Ich habe über einen Tag für 220GB gebraucht (ist aber auch nur ein P3/550 ). Vieleicht bringen auch andere Werte für die Buffergröße etwas.

 :Exclamation:  Achtung der Vorgang darf auf keinen Fall unterbrochen werden, sonst habt ihr ein Filesystem, daß halb mit dem einen und halb mit dem anderen Key verschlüsselt ist  :Exclamation: 

Falls ihr den Vorgang dennnoch unterbrochen habt könnt ihr versuchen mit den "seek" und "skip" Optionen an der Stelle weiterzumachen an der ihr aufgehört habt.

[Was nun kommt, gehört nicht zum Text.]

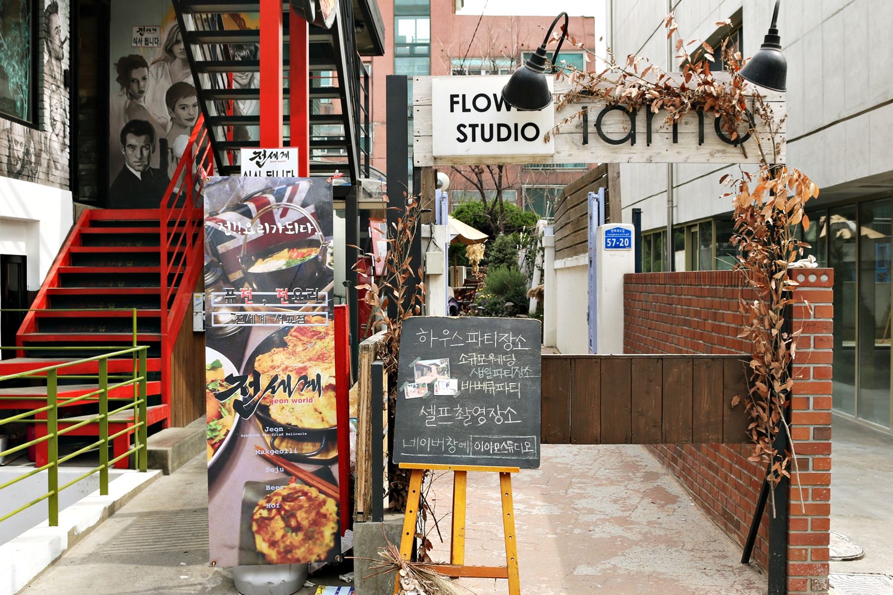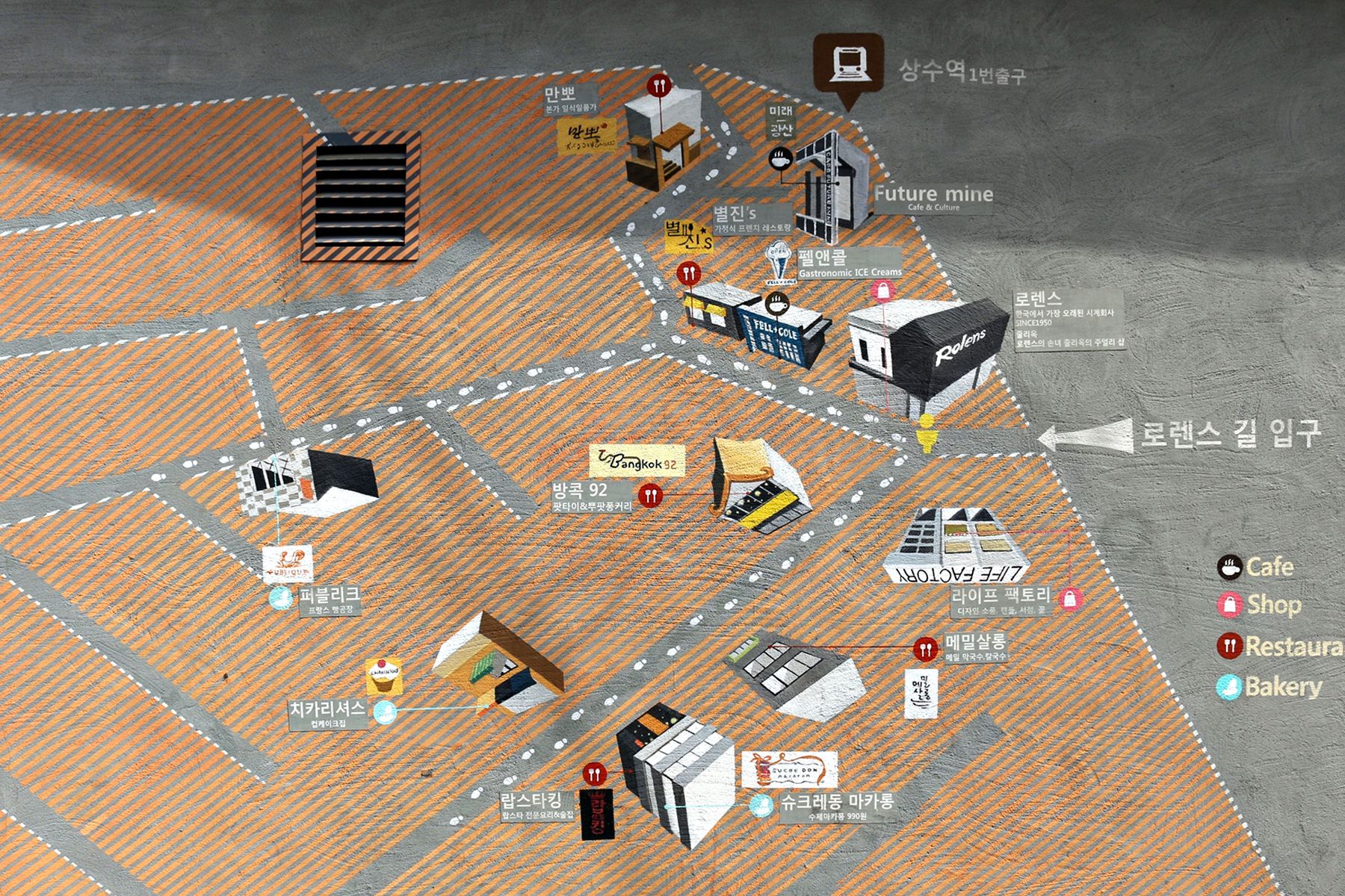 상수역 1번 출구로 나오면 홍대 로렌스길을 만나볼 수 있습니다.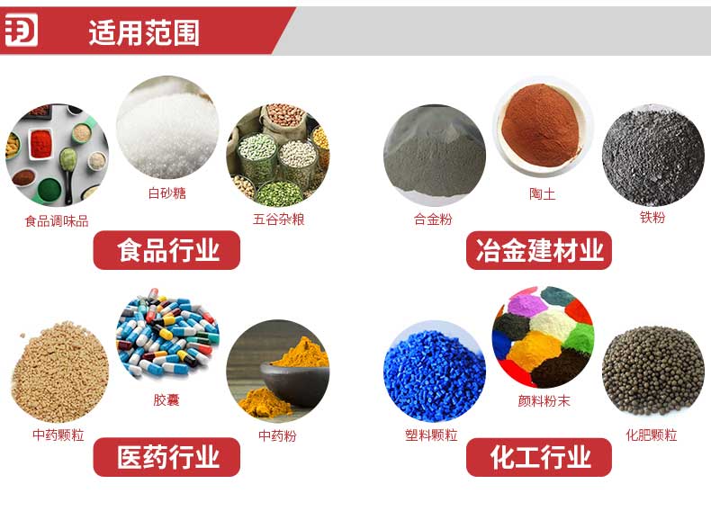 化工行業(yè):樹脂粉、顏料、洗衣粉、微粉、油漆、純堿、檸檬粉、橡膠、塑料等。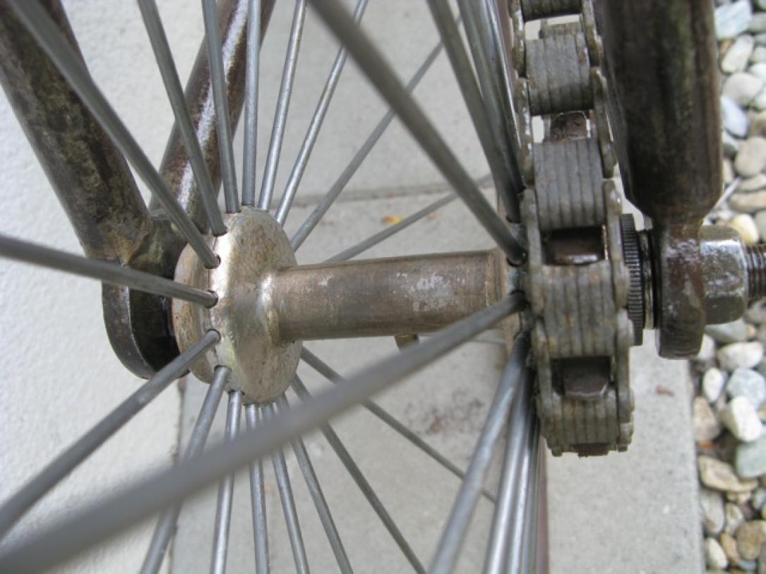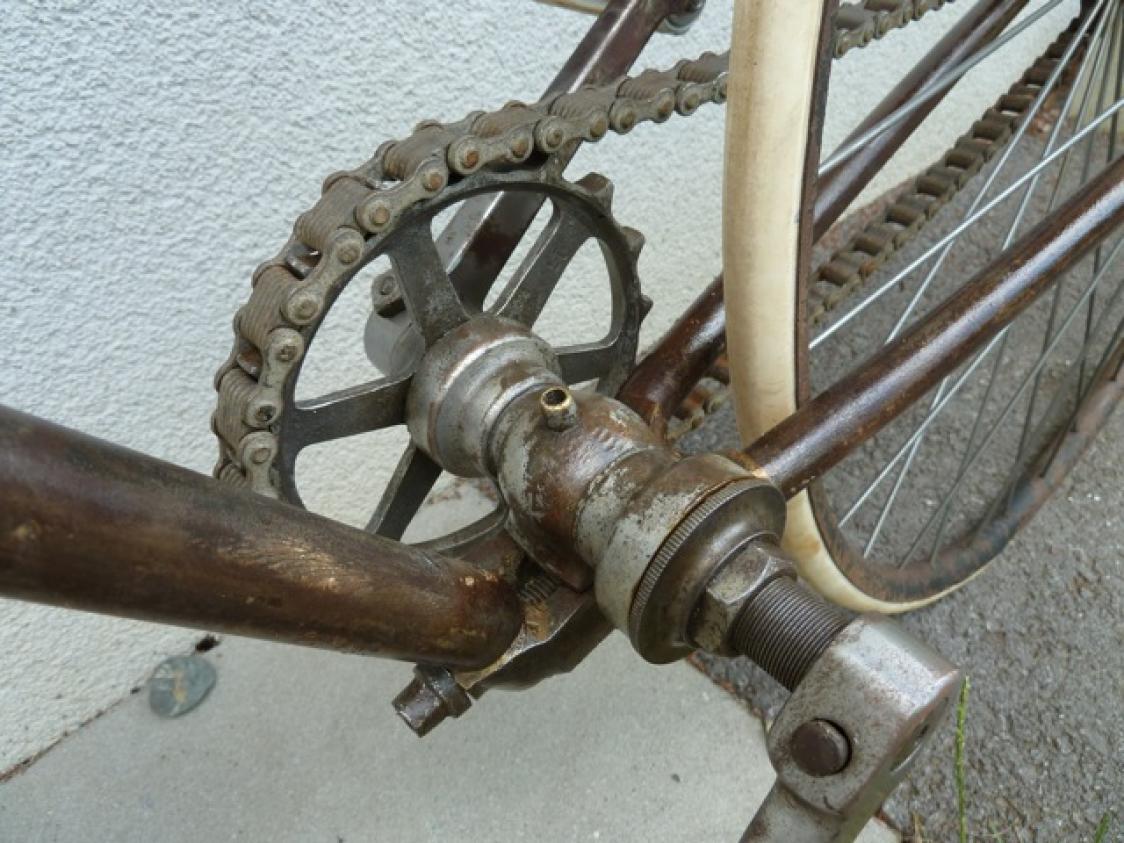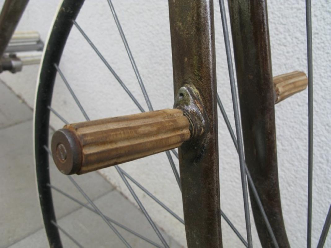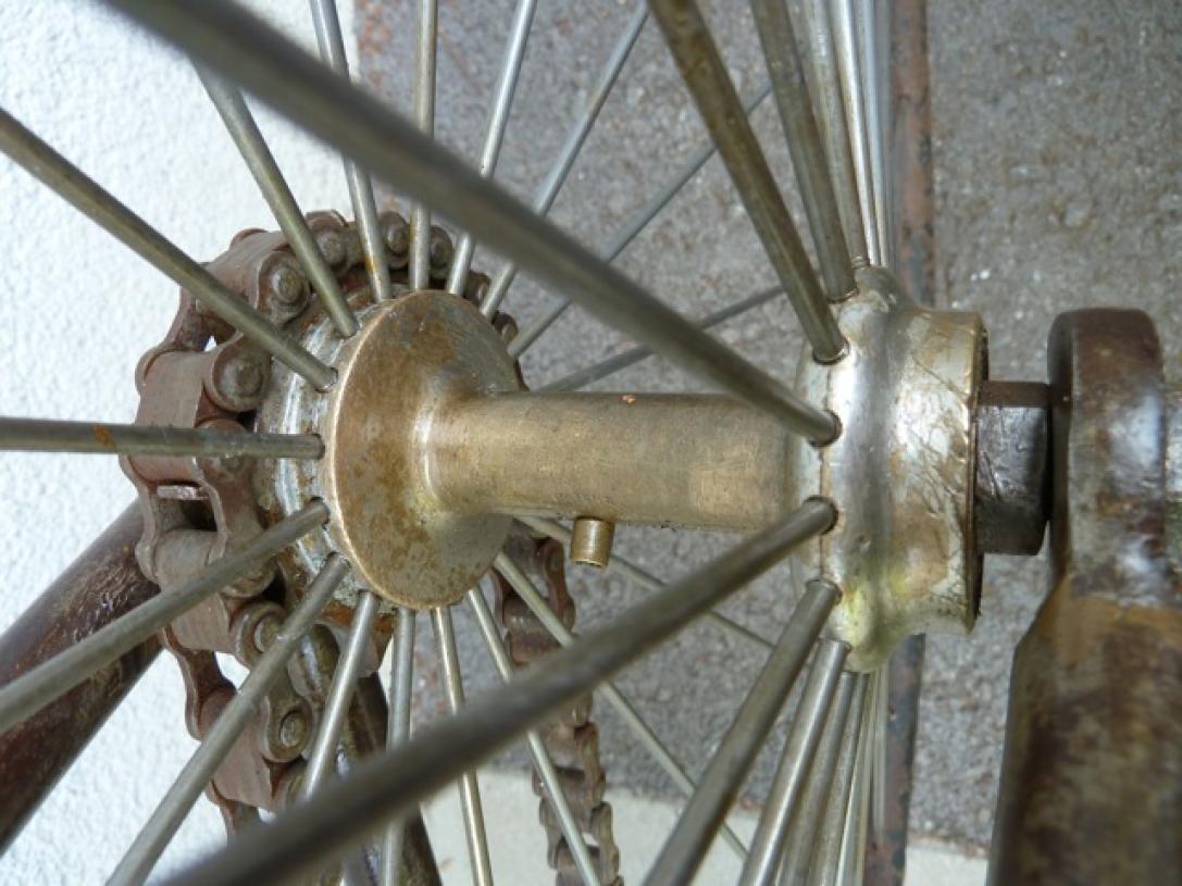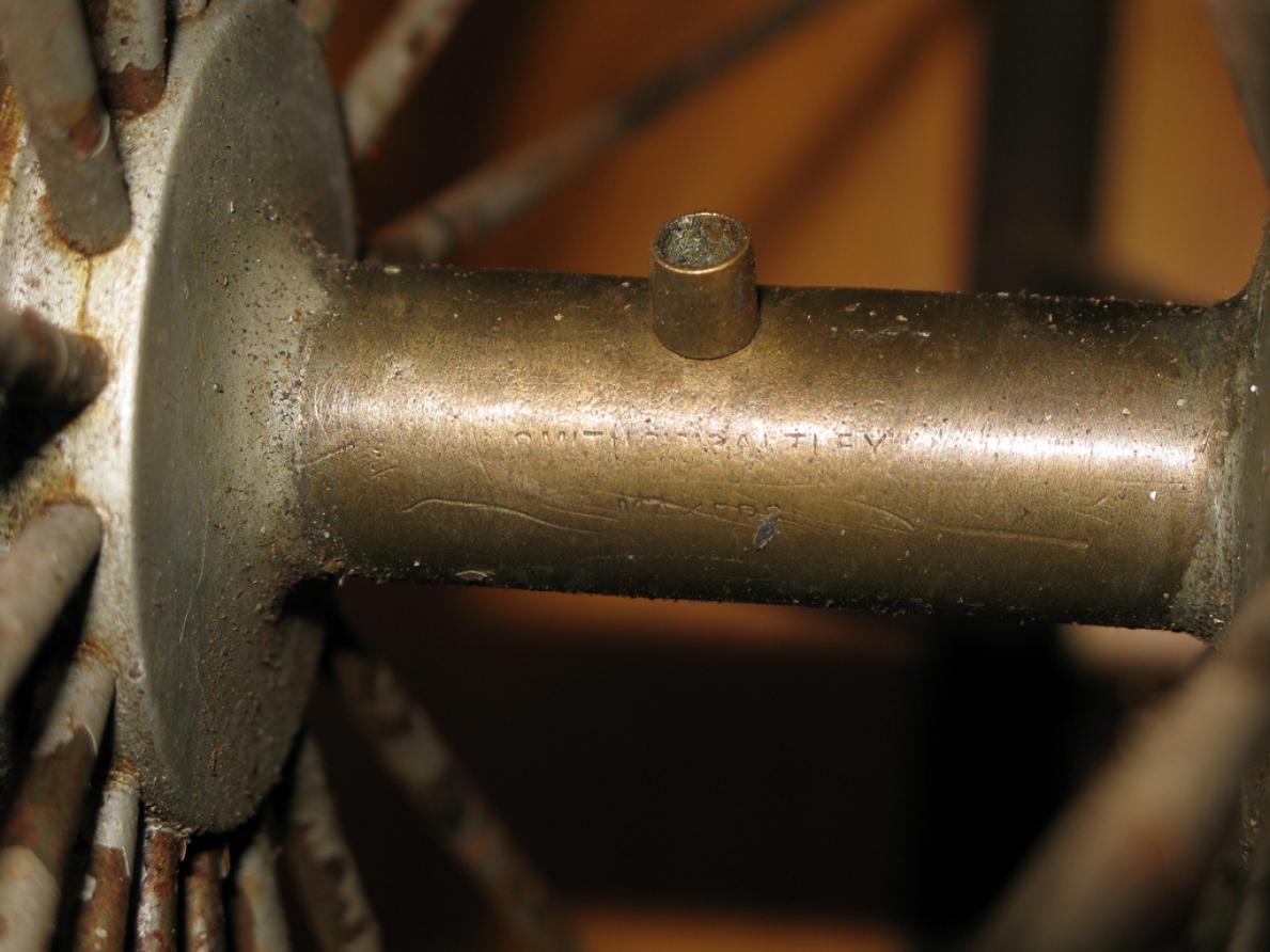 This bike has hubs made by Thomas Smith, so we attribute it to this maker. But it could have been built by another firm, who used only the Thomas Smith hubs. This happened a lot, most firms delivered parts when a smaller producer asked for it.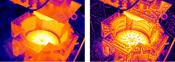 在汽車輪轂鑄造過程中,模具的狀態(tài)和溫度分布至關重要。巨哥科技的熱像儀測溫精確,可有效監(jiān)控模具狀態(tài),控制工藝過程。因模具溫度高,測溫范圍大,一些微小溫差在圖像展示時受到抑制。巨哥科技的DDE數(shù)字細節(jié)增強技術將這些細微的溫度分布細節(jié)也清晰展現(xiàn),有利于及時發(fā)現(xiàn)模具和工藝可能存在的問題。
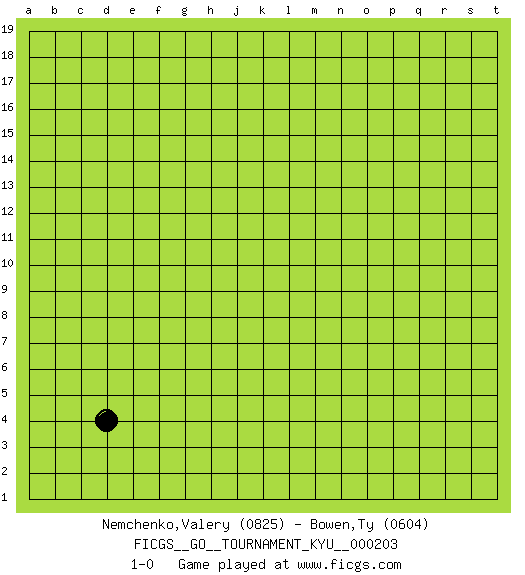 Last move : 1-0 2020 April 23 21:28:34 [Event "FICGS__GO__TOURNAMENT_KYU__000203"] [Site "FICGS"] [Date "2020.03.24"] [Round "1"] [Black "Nemchenko,Valery"] [White "Bowen,Ty"] [Result "1-0"] [Rating 1 "0825"] [Rating 2 "0604"] 1.d4 1-0 This go game has been lost on time (started : 2020.03.24 7:24:26) Here are the names of the openings (joseki) played in the four corners : Corner d4 : d4 1-0 Hoshi (Hwajeom, Seongjeom, Xingwei`) 4-4 Point. The star or hoshi (4-4) point, emphasizing influence at the potential expense of territory. Player Black won this Go (weiqi, baduk) game. Follow this game move after move (download)Add one stone, then sacrifice both. (Anonymous) If you ain't just a little scared when you enter a casino, you are either very rich or you haven't studied the games enough. (Pappy)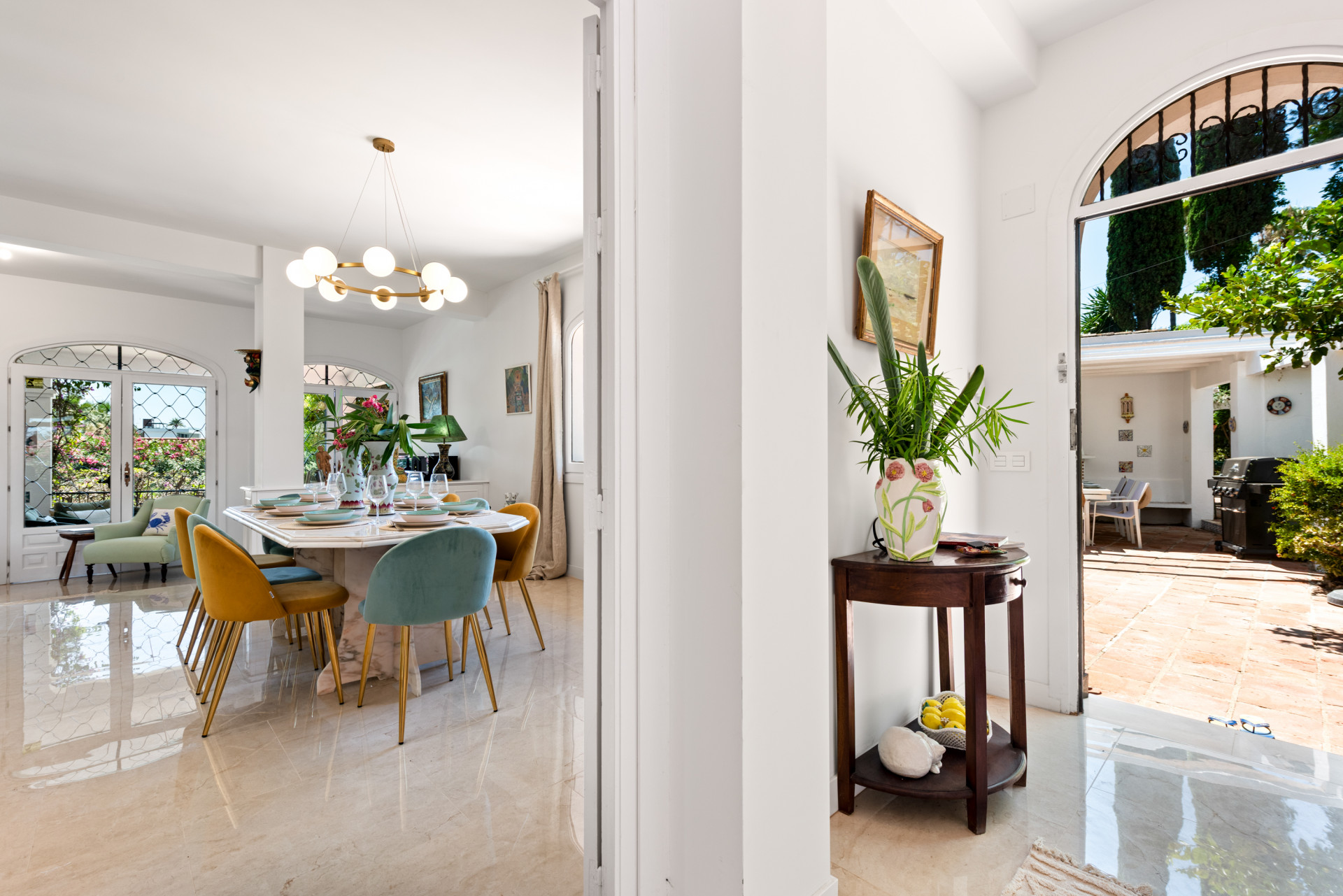Profitez d’un séjour inoubliable dans cette charmante villa de style andalou située à Nueva Andalucía. Doté de 4 chambres et 4 salles de bains, il offre beaucoup d’espace et de confort pour les familles ou les groupes. Détendez-vous dans la piscine d’eau salée chauffée, restez au frais avec la climatisation individuelle dans chaque chambre, et détendez-vous dans le patio andalou avec barbecue extérieur. Une véritable oasis de confort et de style sur la Costa del Sol !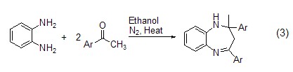 式1中的原料芳香醛換成乙酰基芳香族化合物時,得到的是并七元環的產物即并氮雜化合物 (式3)。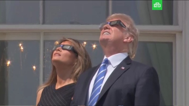 Дональд Трамп, его жена Меланья и их дети Иванка и Бэррон понаблюдали за затмением с балкона Трумана, расположенного на южной стороне Белого дома. К ним также присоединились министр юстиции Джефф Сешнс, министр торговли Уилбур Росс, торгпред США Роберт Лайтхайзер.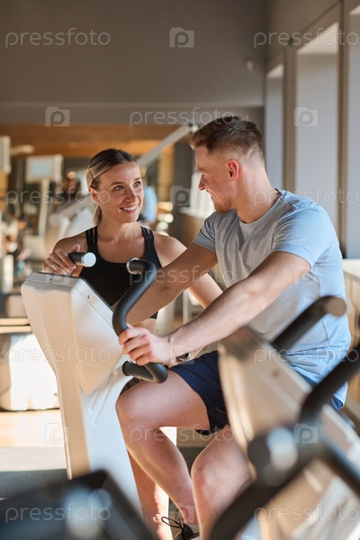 Мужчина тренируется вместе с тренером в тренажерном зале

Btw. Wenn ihr vorher ein Backup macht, dann schadet das bestimmt auch nicht!

----------

## misterjack

Dieses Howto entspricht nicht mehr dem Stand der Sicherheitstechnischen Dinge

Eine bessere Alternative ist die zusätzliche Verwendung von LUKS, wie das funktioniert, wird hier beschrieben:

http://de.gentoo-wiki.com/DM-Crypt

----------

## slick

 *misterjack wrote:*   

> Eine bessere Alternative ist die zusätzliche Verwendung von LUKS, wie das funktioniert, ...

 

 *http://de.gentoo-wiki.com/DM-Crypt wrote:*   

> Cryptsetup hat einen Schönheitsfehler, es trennt die Informationen des Keys von den zu verschlüsselten Informationen. Die Cryptsetup Parameter stehen in Skripten oder Dateien und wer diese verliert, erhält keinen Zugriff auf seine Daten. 
> 
> [...]
> 
> LUKS trickst Datenretter aus, indem ein AF-Splitter diese Daten um das Viertausendfache aufbläht. Die aufgeblasene Information ist nicht redudant, es ist immer der komplette Datensatz nötig, um den Master-Key zu bestimmen. Fehlt ein Sektor, ist ein Zugriff unmöglich. 

 

Ich denke hier sollte man genau überlegen was man möchte. Sicher bietet LUKS Vorteile, aber dafür scheint es mir auf den ersten Blick unsicherer in bezug auf Anfälligkeiten der Hardware (defekte Sektoren). Bei normalem Cryptsetup kann ich genannte "Skripte oder Dateien" einfach sichern. Bei LUKS, wenn ich das richtig verstehe, muß ich schon gezielt einzelne Sektoren der Festplatte sichern (sofern überhaupt bekannt welche) um wieder an den Masterkey zu kommen falls auch nur ein Sektor ausfällt.

----------

## misterjack

 *slick wrote:*   

> Die aufgeblasene Information ist nicht redudant, es ist immer der komplette Datensatz nötig, um den Master-Ke aber dafür scheint es mir auf den ersten Blick unsicherer in bezug auf Anfälligkeiten der Hardware (defekte Sektoren)

 

dafür gibts doch das:

Festplatten kennen die Funktion Sector Remapping, eine einfache Technik, die einen schlecht lesbaren Sektor in eine reservierte Festplattenzone kopiert und dann sämtlichen Zugriff umleitet  :Wink:  wenn man auf nummer sicher gehen will, added man seinen key halt bis die acht slots voll sind. würde jeden key mit einer angehängten ziffer unterscheiden

edit: habe grad mal die homepage durchsucht, ob sowas geplant ist:

Q: How can I backup my keys

You can't. Either stuff the key into another key slot, if you are afraid of damaged sectors that might occour in your phdr, and regularly backup your disk. This is not the place to talk about the benifits of backups, but when using cryptography you are in a much harder position to recover stuff in the event of data loss.

----------

## Massimo B.

 *misterjack wrote:*   

> http://de.gentoo-wiki.com/DM-Crypt

 

Ich hab sowohl eine luks-Verschlüsselung, als auch eine herkömmliche  nach Anleitung mit pam_mount (zum automatischen Öffnen und mounten bei Login) erfolgreich erstellt. Leider hab ich die Verbindung, nämlich eine Passwortübergabe mit pam_mount an luks nicht hinbekommen.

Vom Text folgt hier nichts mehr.